INPUT:
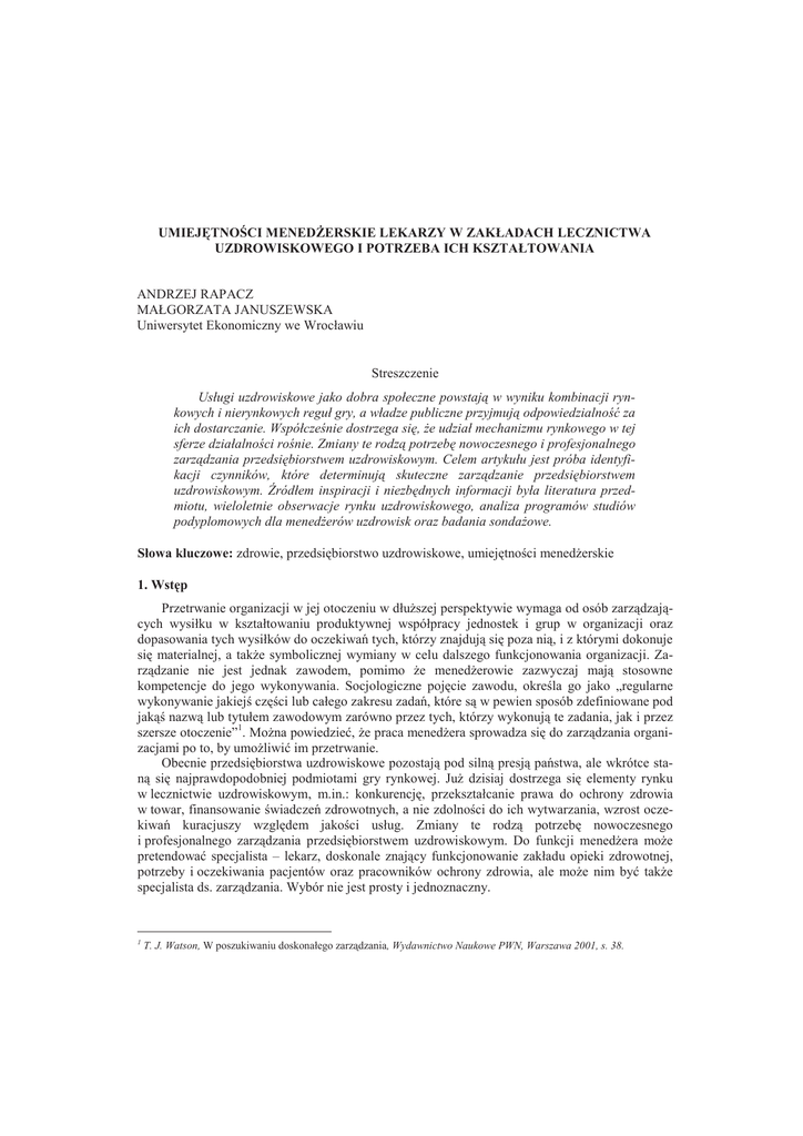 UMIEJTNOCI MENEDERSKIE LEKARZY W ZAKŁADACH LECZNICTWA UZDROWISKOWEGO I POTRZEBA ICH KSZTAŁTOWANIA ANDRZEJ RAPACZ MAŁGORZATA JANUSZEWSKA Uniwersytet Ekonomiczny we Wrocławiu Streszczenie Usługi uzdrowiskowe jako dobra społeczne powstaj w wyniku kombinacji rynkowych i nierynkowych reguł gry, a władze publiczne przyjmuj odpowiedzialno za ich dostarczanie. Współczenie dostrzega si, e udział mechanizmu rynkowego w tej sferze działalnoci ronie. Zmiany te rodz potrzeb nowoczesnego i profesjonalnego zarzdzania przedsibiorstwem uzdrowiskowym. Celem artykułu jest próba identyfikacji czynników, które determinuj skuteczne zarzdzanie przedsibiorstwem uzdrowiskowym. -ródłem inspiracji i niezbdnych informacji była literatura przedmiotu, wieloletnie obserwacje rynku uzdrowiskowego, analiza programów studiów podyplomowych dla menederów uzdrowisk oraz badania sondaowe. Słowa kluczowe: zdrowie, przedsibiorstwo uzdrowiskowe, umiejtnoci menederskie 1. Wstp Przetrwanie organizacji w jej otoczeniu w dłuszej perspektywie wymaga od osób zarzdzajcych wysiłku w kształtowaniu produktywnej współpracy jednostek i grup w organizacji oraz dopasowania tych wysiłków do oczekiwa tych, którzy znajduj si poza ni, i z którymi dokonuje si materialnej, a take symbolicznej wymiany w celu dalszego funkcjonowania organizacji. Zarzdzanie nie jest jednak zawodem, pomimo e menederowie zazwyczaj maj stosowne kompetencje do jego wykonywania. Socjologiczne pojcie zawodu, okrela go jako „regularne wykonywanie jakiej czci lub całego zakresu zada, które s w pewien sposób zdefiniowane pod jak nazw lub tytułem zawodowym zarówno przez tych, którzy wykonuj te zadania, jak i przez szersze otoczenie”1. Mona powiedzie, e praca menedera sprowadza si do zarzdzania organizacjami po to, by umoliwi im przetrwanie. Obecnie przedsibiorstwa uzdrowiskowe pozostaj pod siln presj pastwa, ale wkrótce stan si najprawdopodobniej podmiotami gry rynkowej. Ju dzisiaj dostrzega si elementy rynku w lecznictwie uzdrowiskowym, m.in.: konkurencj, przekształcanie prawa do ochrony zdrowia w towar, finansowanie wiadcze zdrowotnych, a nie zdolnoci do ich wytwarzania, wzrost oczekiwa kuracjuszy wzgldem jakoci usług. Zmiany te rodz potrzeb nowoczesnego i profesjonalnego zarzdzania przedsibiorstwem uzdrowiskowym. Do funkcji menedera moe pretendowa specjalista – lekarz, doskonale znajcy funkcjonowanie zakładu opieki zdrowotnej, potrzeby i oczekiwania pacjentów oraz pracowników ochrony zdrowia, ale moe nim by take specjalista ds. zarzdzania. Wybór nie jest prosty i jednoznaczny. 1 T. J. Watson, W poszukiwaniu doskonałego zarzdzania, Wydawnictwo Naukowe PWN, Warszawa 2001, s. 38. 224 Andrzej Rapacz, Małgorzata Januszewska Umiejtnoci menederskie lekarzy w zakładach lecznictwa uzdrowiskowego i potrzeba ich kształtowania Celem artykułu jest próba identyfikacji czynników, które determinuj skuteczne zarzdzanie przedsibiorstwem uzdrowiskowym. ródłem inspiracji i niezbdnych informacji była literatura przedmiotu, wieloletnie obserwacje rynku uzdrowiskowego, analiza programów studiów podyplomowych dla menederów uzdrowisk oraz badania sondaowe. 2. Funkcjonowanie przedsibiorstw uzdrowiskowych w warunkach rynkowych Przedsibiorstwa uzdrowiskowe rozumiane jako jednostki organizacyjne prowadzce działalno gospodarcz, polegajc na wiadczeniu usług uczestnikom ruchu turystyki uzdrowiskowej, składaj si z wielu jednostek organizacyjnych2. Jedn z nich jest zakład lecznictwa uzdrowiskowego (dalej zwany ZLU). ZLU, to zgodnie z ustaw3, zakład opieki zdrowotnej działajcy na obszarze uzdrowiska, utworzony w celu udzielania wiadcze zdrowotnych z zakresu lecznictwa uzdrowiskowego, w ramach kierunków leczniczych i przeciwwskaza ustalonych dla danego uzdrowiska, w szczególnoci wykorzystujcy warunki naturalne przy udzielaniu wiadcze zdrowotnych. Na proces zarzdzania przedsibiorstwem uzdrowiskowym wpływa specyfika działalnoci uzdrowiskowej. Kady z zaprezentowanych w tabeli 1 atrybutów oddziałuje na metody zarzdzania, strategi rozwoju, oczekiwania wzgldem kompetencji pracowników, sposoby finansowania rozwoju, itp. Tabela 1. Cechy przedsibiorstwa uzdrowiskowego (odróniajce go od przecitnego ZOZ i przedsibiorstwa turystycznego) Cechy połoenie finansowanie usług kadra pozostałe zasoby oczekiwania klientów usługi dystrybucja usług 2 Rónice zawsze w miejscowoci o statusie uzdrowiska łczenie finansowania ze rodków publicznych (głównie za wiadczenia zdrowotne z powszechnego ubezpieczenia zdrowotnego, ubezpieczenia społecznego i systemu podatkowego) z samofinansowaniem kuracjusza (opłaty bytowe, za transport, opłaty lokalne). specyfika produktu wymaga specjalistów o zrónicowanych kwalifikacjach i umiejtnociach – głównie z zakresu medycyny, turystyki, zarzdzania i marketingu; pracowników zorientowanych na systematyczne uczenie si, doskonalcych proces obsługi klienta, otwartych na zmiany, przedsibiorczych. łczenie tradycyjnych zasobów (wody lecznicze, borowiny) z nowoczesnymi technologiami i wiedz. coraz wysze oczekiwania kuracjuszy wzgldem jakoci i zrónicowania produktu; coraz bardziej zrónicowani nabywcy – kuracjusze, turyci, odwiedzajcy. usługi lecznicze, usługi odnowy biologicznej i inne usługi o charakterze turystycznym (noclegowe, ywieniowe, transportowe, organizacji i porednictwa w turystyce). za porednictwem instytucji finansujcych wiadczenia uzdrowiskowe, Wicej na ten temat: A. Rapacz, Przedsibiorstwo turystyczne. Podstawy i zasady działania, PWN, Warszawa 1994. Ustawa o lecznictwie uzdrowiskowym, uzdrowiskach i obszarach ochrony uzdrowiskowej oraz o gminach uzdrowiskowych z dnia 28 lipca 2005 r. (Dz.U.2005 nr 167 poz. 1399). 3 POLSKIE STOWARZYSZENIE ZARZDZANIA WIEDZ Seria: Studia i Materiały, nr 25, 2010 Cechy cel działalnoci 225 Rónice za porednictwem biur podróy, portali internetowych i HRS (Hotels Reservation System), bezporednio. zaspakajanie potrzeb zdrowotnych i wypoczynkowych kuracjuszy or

==

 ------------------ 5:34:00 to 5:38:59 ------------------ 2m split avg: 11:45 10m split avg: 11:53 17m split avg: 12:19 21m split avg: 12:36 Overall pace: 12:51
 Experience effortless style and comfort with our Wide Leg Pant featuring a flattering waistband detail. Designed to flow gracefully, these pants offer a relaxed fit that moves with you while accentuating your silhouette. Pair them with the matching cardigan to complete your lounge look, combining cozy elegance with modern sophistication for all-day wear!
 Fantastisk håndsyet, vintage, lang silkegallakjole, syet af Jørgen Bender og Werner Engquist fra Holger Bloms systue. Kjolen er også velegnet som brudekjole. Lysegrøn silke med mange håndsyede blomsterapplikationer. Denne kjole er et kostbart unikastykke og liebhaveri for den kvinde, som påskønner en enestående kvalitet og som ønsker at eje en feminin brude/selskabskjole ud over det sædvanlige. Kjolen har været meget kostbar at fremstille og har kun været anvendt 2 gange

==

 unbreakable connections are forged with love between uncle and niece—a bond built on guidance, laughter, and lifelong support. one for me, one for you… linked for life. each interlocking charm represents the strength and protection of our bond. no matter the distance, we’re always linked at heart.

WHAT TO WORK ON: From the listing above, output exactly the run of lines that starts with the line containing "------------------ 5:34:00 to" and ends with the line containing "Fantastisk håndsyet, vintage, lang".

SOLUTION FOR THIS PROBLEM:
 ------------------ 5:34:00 to 5:38:59 ------------------ 2m split avg: 11:45 10m split avg: 11:53 17m split avg: 12:19 21m split avg: 12:36 Overall pace: 12:51
 Experience effortless style and comfort with our Wide Leg Pant featuring a flattering waistband detail. Designed to flow gracefully, these pants offer a relaxed fit that moves with you while accentuating your silhouette. Pair them with the matching cardigan to complete your lounge look, combining cozy elegance with modern sophistication for all-day wear!
 Fantastisk håndsyet, vintage, lang silkegallakjole, syet af Jørgen Bender og Werner Engquist fra Holger Bloms systue. Kjolen er også velegnet som brudekjole. Lysegrøn silke med mange håndsyede blomsterapplikationer. Denne kjole er et kostbart unikastykke og liebhaveri for den kvinde, som påskønner en enestående kvalitet og som ønsker at eje en feminin brude/selskabskjole ud over det sædvanlige. Kjolen har været meget kostbar at fremstille og har kun været anvendt 2 gange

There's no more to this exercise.